Uno dei risultati complessivi che ci si attende dal discorso pubblicitario è dunque l’aumento dei consumi individuali mentre l’educazione all’ambiente e a un consumerismo responsabile, agiscono collettivamente esattamente con obiettivi opposti. Ma sono i primi i soli ad essere pubblicizzati perché sono i soli a dipendere dalle scelte del singolo consumatore. E’ importante vedere la differenza fra il discorso politico, che può certamente comprendere fra i suoi temi l’adozione di certi consumi (o fruizione di servizi) collettivi, che partono da una decisione collettiva, sulla base di un progetto, e quello pubblicitario, che si svolge sempre a livello individuale anche quando si tratta di quella ambigua realtà che è la «pubblicità sociale» (12 miliardi di dollari/anno vengono spesi negli Usa per acquistare cibo per animali domestici).

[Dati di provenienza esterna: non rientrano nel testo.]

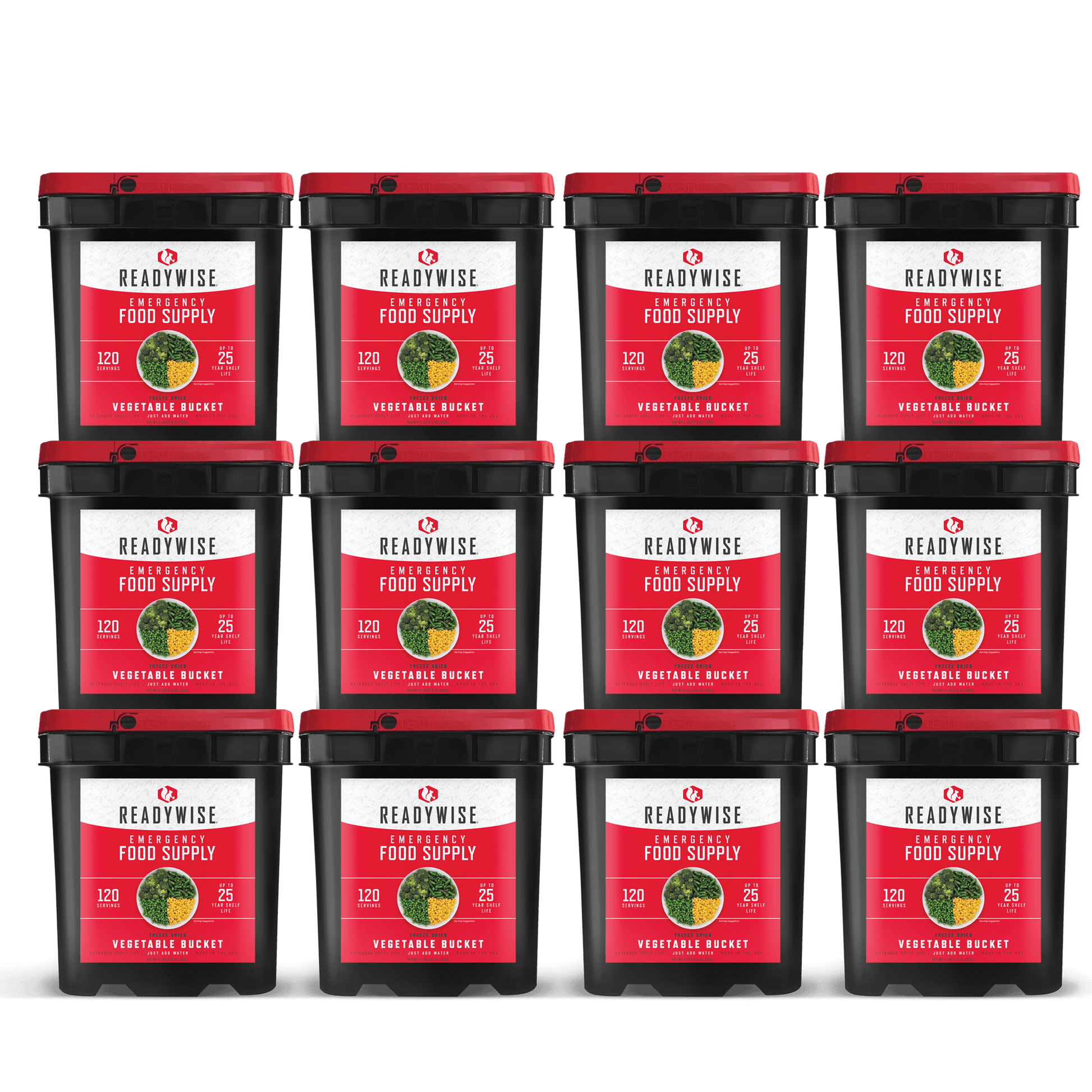 12 buckets of Vegetables. A Variety of Corn, Peas, Broccoli and Green Beans
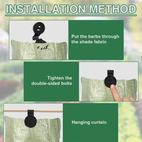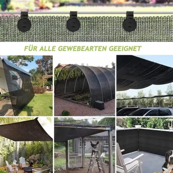 Klämmorna används för att fästa skuggnät, fågelskyddsnät, växthusdukar eller jordbruksnät. De är lämpliga för trädgårdar, terrasser, växthus eller odlingsområden och bidrar till att skydda växter från sol, vind eller fåglar samt skapa en skuggad miljö för odling eller avkoppling.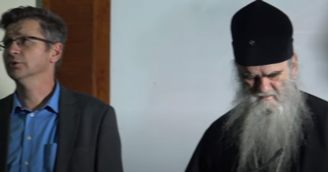 Милош Ковић и митрополит Амфилохије 2019. године (Фото: Снимак екрана/Хелмкаст)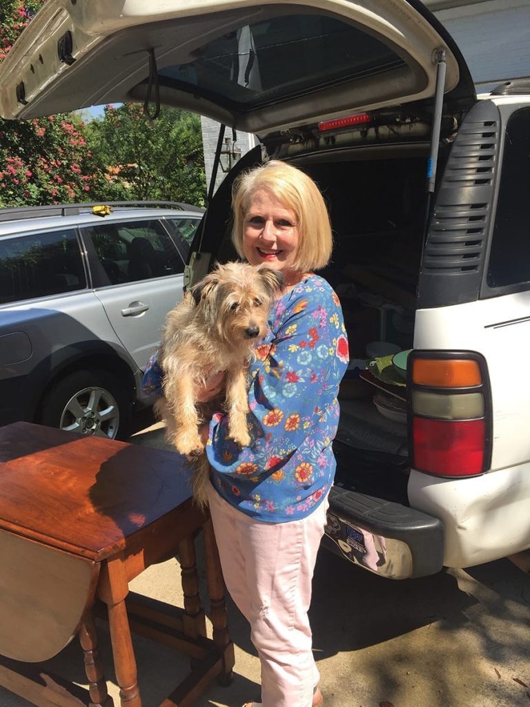 Chinoiserie Squirrel founder Linda Kincheloe and her white Suburban, known to vendors as “Snowflake”

La valorizzazione pubblicitaria avviene sempre a livello individuale, in vista di un atto (di solito di consumo) che è a sua volta sostanzialmente individuale, fondato sull’ottica del desiderio più che su quella della previsione razionale, sull’identificazione soggettiva piuttosto che sul calcolo delle priorità sociali. Al contrario il consumo pubblico (o la fruizione di servizi) si fonda su calcoli di opportunità collettivi, che possono essere più o meno corretti, più o meno logici, ma che nella loro logica risentono di una analisi razionale che prova a mettere in relazione bisogni e risorse.

Si potrebbe asserire che il senso sociale principale del discorso pubblicitario consiste proprio nel distinguere, nelle procedure e nelle motivazioni, i consumi privati da quelli collettivi, privilegiando i primi.
E si potrebbe asserire, anche, e di conseguenza, che la contraddizione fra consumi privati e mitigazione degli impatti da questi prodotti (emissioni in aria e in acqua, rifiuti, cura di patologie derivate) non è affrontabile senza padroneggiarne (e socializzarne) il nesso inscindibile di causa-effetto. E non è, parimenti, pensabile di affrontare questa contraddizione pensando di azzerare gli effetti senza scalfire le cause o, peggio, esasperando le cause.